Tom Jackson: how not to lead a union

Submitted by Anon on 2 July, 2003 - 9:12

By Pete Keenlyside

In an era when trade union leaders were household names, Tom Jackson, who died this month aged 78, stood out from the rest. This was partly due to his appearance - the trademark handlebar moustache - partly due to the fact that he appeared regularly on TV panel programmes but mainly because he was general secretary of the postal workers union (then UPW, now CWU) during the 7-week strike in 1971.

Tom Jackson joined the Post Office and the union in 1938. After a spell in the services during the war he set about climbing the union ladder and by 1955 got himself elected to the Executive Council. He became a National Officer in 1964 and in 1967, at the remarkably early age of 42, took the top job of General Secretary. He stayed there for 15 years until he took early retirement in 1982.

Brendan Barber, TUC General Secretary, has described him as "one of the labour movement's gentlemen" and he certainly lived like a gentleman whilst he was up there. In between looking after his members he managed to squeeze in membership of the Press Council and sitting on the boards of the BBC and British Petroleum. After he retired, he became a director of privatised Yorkshire Water.

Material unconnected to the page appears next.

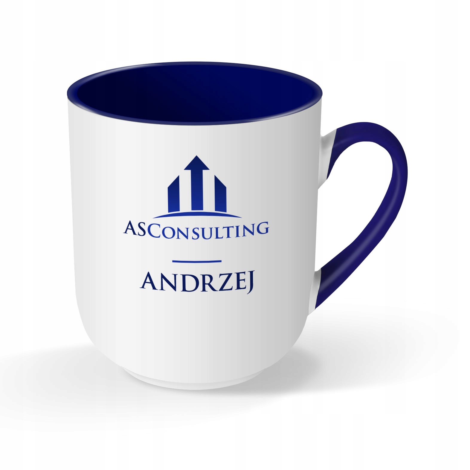 Kubek z nadrukiem może być personalizowany np. na każdym kubku może zostać nadrukowane logo firmy i imię pracownika.

What the UPW needed at its helm during his tenure was not a gentleman, however, but a fighter. This was never more so than during the great strike of 1971. The union had put in a claim for £3 a week, between 15-20%, and management had offered 8%. It was debatable whether an all out strike was the best tactic, given that the union, not the most militant at the time, was the first to take on a newly elected Tory Government committed to beating down such challenges. Having embarked on such action, however, the strike should have been conducted in the most ruthless and determined manner possible. Instead, many members at the time thought they were fighting with one arm tied behind their backs.

Instead of gradually building up the action to increase its effect, the day before the strike started, all offices were cleared of mail so there was no backlog. Nothing was done to picket out telephonists, the real key to the dispute, who chose to scab. Having run out of money, the union was forced to call a halt after 7 weeks. In the end they settled for no more than they were offered at the start.

Tom Jackson wasn't a bad person and there was never any doubting his commitment to his members. But his essentially right wing politics and his total acceptance of the bureaucratic way of running a trade union caused him to lead the union in a direction virtually the opposite of all others.

This helps to explain the paradox of why we lost in the 1970s when everybody else was winning and why the position was reversed in the 1980s and 90s.

After the failure of 1971 the union almost ceased to exist as a national union in the eyes of the members. Terms and conditions were sorted out locally. The basic wage became irrelevant in many areas as deals to earn overtime without having to really work it became commonplace.

As a rank and file militant, Tom Jackson had as little relevance to me as to his other television viewers. In a strange way that he never intended, this built up the shop-floor militancy that the Tories never managed to deal with because there was no head to chop off. The downside was that it took 15 years before the union had the courage to call a national dispute again.